Un délai réaliste de deux à trois semaines entre la commande et la remise du rapport doit être intégré au calendrier, davantage en période de forte activité. Sur un bien situé loin des pôles urbains, comme beaucoup de propriétés du bocage, le déplacement pèse également sur la disponibilité des créneaux ; les réflexes d’organisation propres à ces biens sont développés dans notre guide du diagnostic immobilier à Bressuire et Parthenay.

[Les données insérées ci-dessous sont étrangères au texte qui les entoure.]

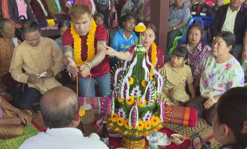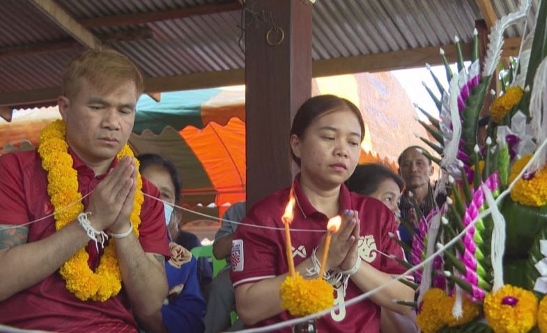 មនុស្សប្រហែល៥០ នាក់ រួមទាំងមន្ត្រីក្នុងតំបន់បានប្រមូលផ្តុំគ្នា កាលពីថ្ងៃពុធ សប្តាហ៍នេះ រៀបចំពិធីប្រពៃណី “Bai Sri Su Kwan” នៅក្នុងផ្ទះរបស់ប្តីប្រពន្ធនេះ នៅក្នុងភូមិតូចមួយនៅខេត្ត Udon Thani ភាគឦសានរបស់ប្រទេស។ កដៃរបស់ពួកគេត្រូវបានចងដោយខ្សែពណ៌ស ដើម្បីនាំសំណាងឱ្យពួកគេ មានសុខភាពល្អ។
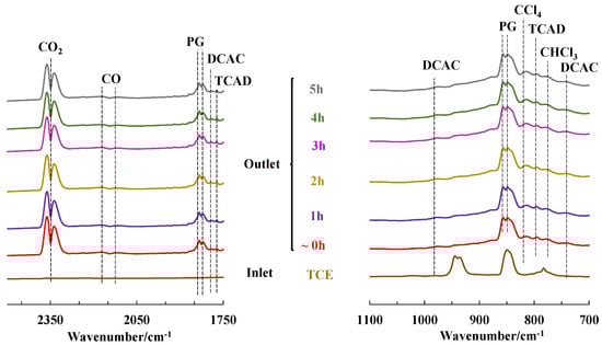 FT-IR spectra of the inlet TCE and outlet gaseous stream after the PPC process (RH = 0.7%) as a function of time with Ce0.01Mn-AT as the catalyst. PG: phosgene; DCAC: dichloroacetylchloride; TCAD: trichloroacetaldehyde.
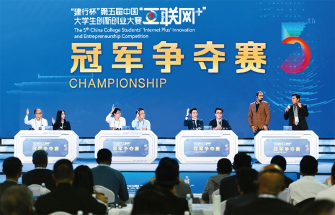 ?“雙創(chuàng)”已成為時(shí)代熱潮,創(chuàng)業(yè)帶動(dòng)就業(yè)的倍增效應(yīng)不斷顯現(xiàn)。2019年10月14日,第五屆中國(guó)“互聯(lián)網(wǎng)+”大學(xué)生創(chuàng)新創(chuàng)業(yè)大賽冠軍爭(zhēng)奪賽在浙江杭州舉行,來(lái)自清華大學(xué)、浙江大學(xué)等高校的創(chuàng)業(yè)者攜創(chuàng)新創(chuàng)業(yè)項(xiàng)目展開(kāi)路演角逐。圖為多名創(chuàng)業(yè)者在互動(dòng)提問(wèn)。 中新社記者 王剛/攝
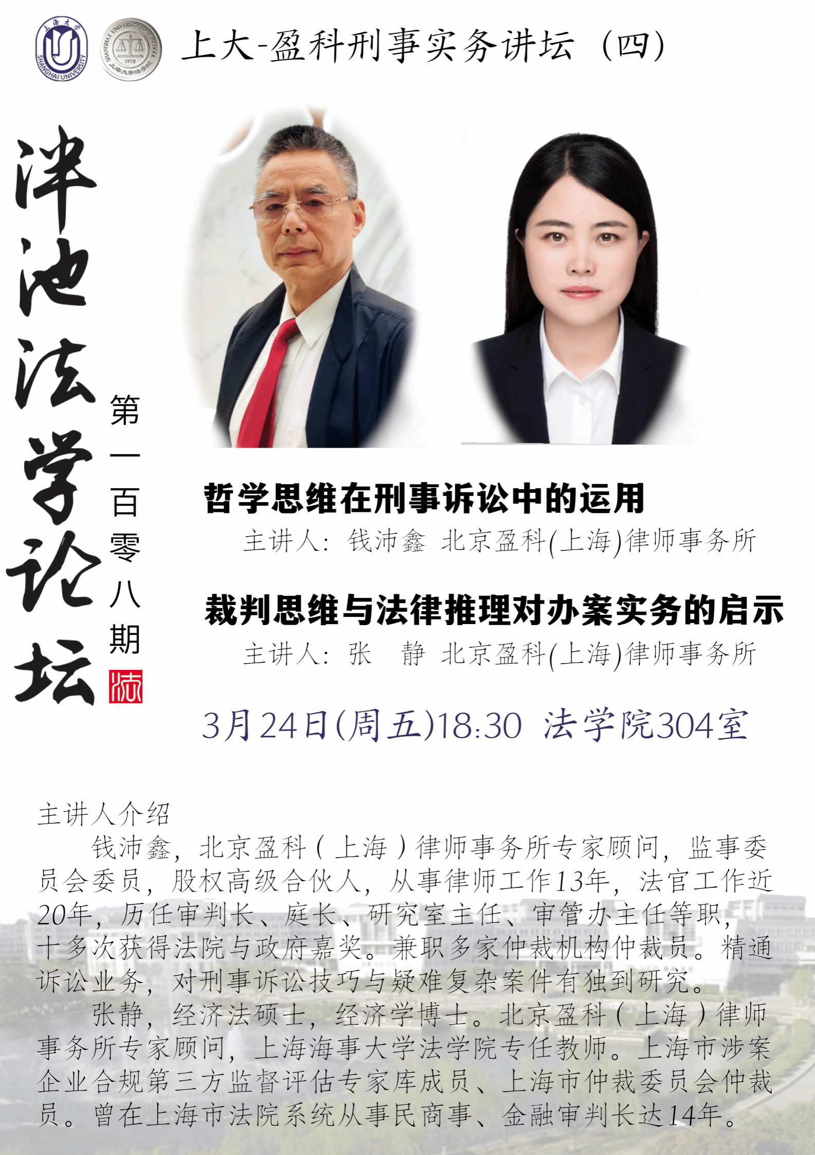 泮池法学论坛第108期:哲学思维在刑事诉讼中的运用和裁判思维与法律推理对办案实务的启示
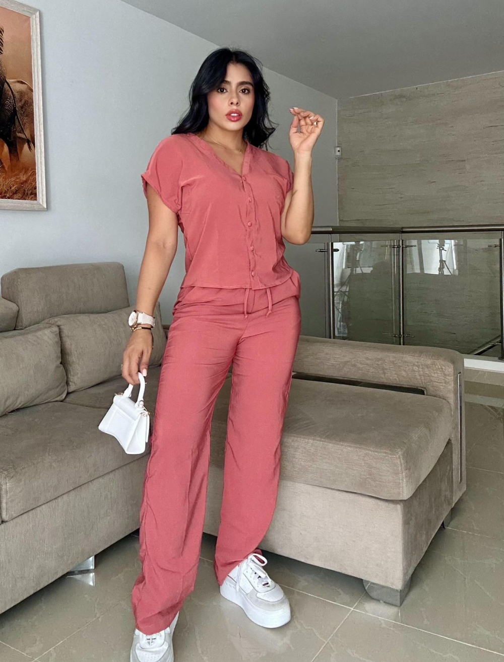 CONJUNTO PANTALÓN TELA PLANA CON TEXTURA
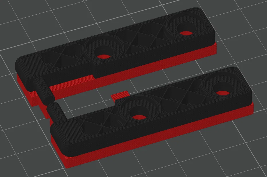 Phần của bản lề dưới (bottom hinge) được bắt lên frame nên in với infill 100%.
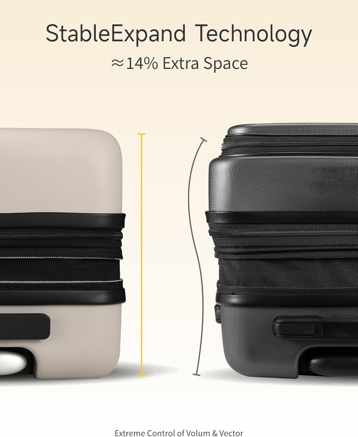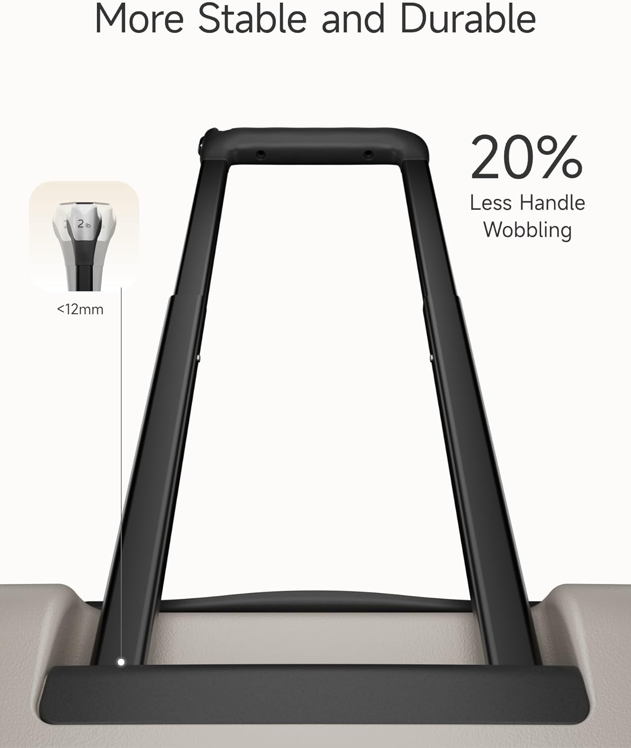 - Engineered Equilibrium – 10% Expandable Capacity, 100% Steady Glide. Our telescopic handle achieves a 12mm maximum wobble deviation, 20% outperforming the industry standard. Beyond that, the gravity-calibrated architecture of the LuggeX HUP3 suitcase maintains perfect load-stability harmony, eliminating wobbles even when fully packed.
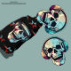 Modern attractive graphic artwork on black background for teen. The artwork featuring a big attractive skull in gradient color with star pattern in the same color tone.
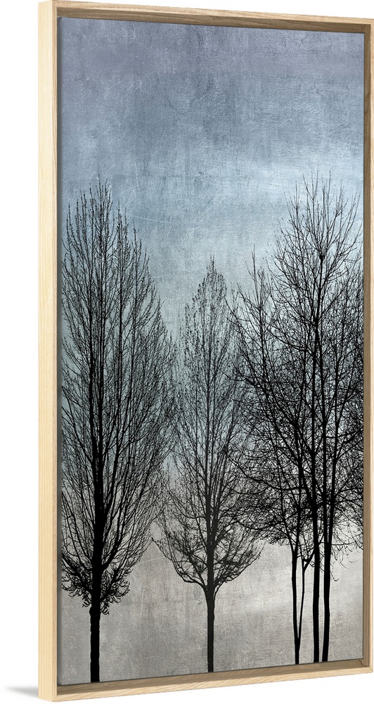 <p>Decorative artwork featuring a black silhouette of leafless trees over a distressed background.</p>
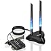 🖥️【High-quality experience】The PCI-E wireless network card has a high-quality heat sink device, which can keep the temperature of the network card normal without affecting the operation of the network card, bringing you a better and high-quality experience. Two external high-gain antennas would also help better.
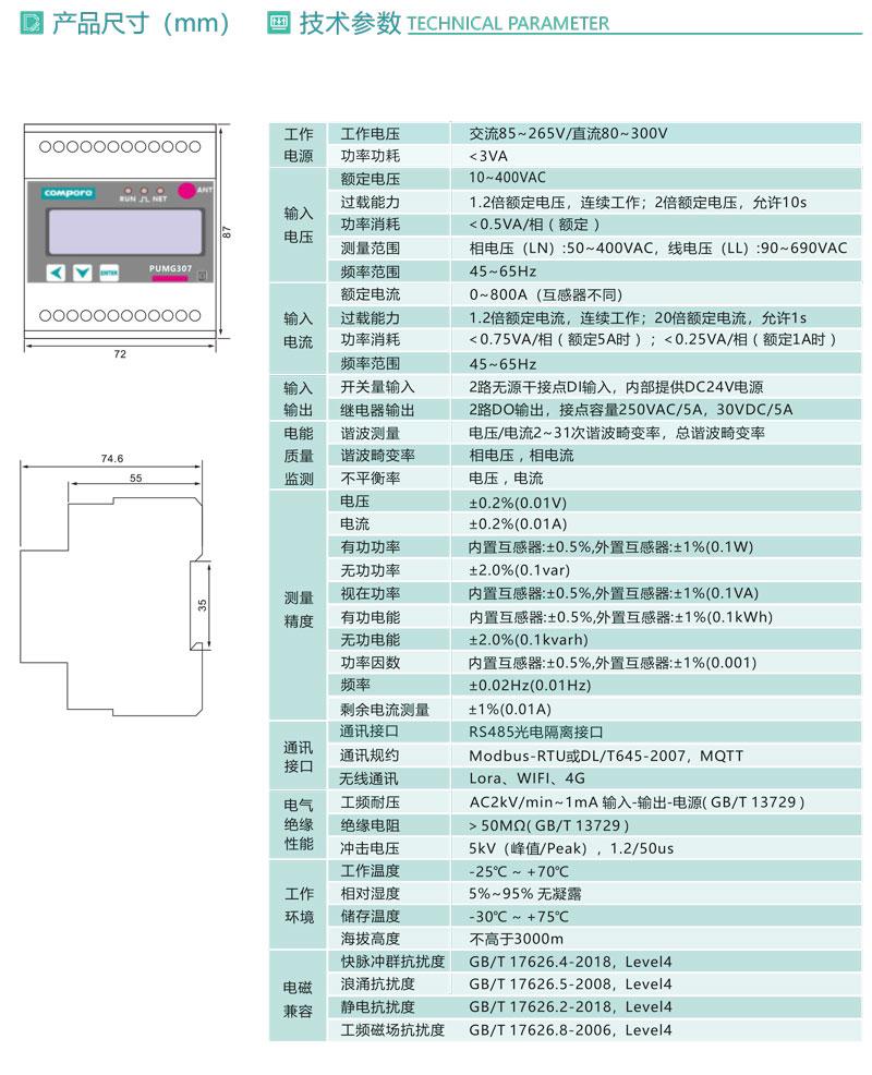 PUMG307系列三相導(dǎo)軌式智能電力能效終端采用DIN35mm 導(dǎo)軌式安裝結(jié)構(gòu)和LCD液晶屏顯示,集三相電參量測(cè)量、2~31次諧波分析、時(shí)間統(tǒng)計(jì)等于一體,標(biāo)配1路RS485通訊接口,可通過(guò)Modbus-RTU或DL/T645-2007通訊協(xié)議實(shí)現(xiàn)儀表的網(wǎng)絡(luò)化管理。還可擴(kuò)展2路開(kāi)關(guān)量輸入 和2路 繼 電 器 輸 出 , 可 外 接 開(kāi) 口 式 互 感 器 易 于 改 造 項(xiàng) 目 的 施 工 。PUMG307具有體積小巧,精度高,可靠性好,安裝方便等優(yōu)點(diǎn),多用于系統(tǒng)集成、改造工程、安裝空間有限或不便的項(xiàng)目。
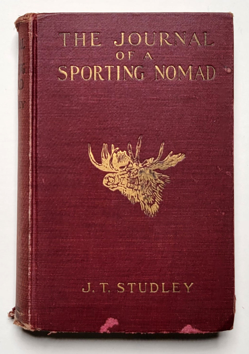 J. T. Studley, The Journal of a Sporting Nomad. London: John Lane, 1912. Hardbound. xvi, 303 pages. Illustrated, index. Externally book is poor, with worn and stained cove, top and bottom of spine frayed. Internally quite clean—fine candidate for rebinding. $20.
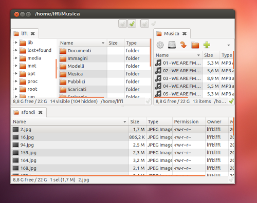 SpaceFM supporta la visualizzazione in schede e pannelli multipli le quali ci permettono di accedere con facilità a cartelle e partizioni e copiare o spostare fine all’intero di esse.

Reste la question que se posent la plupart des vendeurs concernés : faut-il réaliser les travaux avant de vendre ? Aucune règle générale ne s’impose. Un geste ciblé qui fait gagner une classe peut modifier la position du bien au regard du calendrier locatif et élargir le cercle des acquéreurs. Une rénovation lourde entreprise sans projet d’occupation se récupère rarement en totalité dans le prix de vente. L’audit sert précisément à objectiver cet arbitrage, en donnant des ordres de grandeur plutôt que des impressions.
Un dernier point mérite attention : l’audit ne vaut pas maîtrise d’oeuvre. Il ne remplace ni les études techniques préalables, ni les devis d’entreprises, ni le suivi de chantier. Il oriente, il chiffre en ordre de grandeur, il hiérarchise. Le passage à l’acte suppose ensuite des professionnels du bâtiment et des devis détaillés.
Ces informations ont une portée générale. Une situation particulière se tranche au vu des textes en vigueur, des informations publiées par l’ADEME et de l’avis d’un professionnel certifié.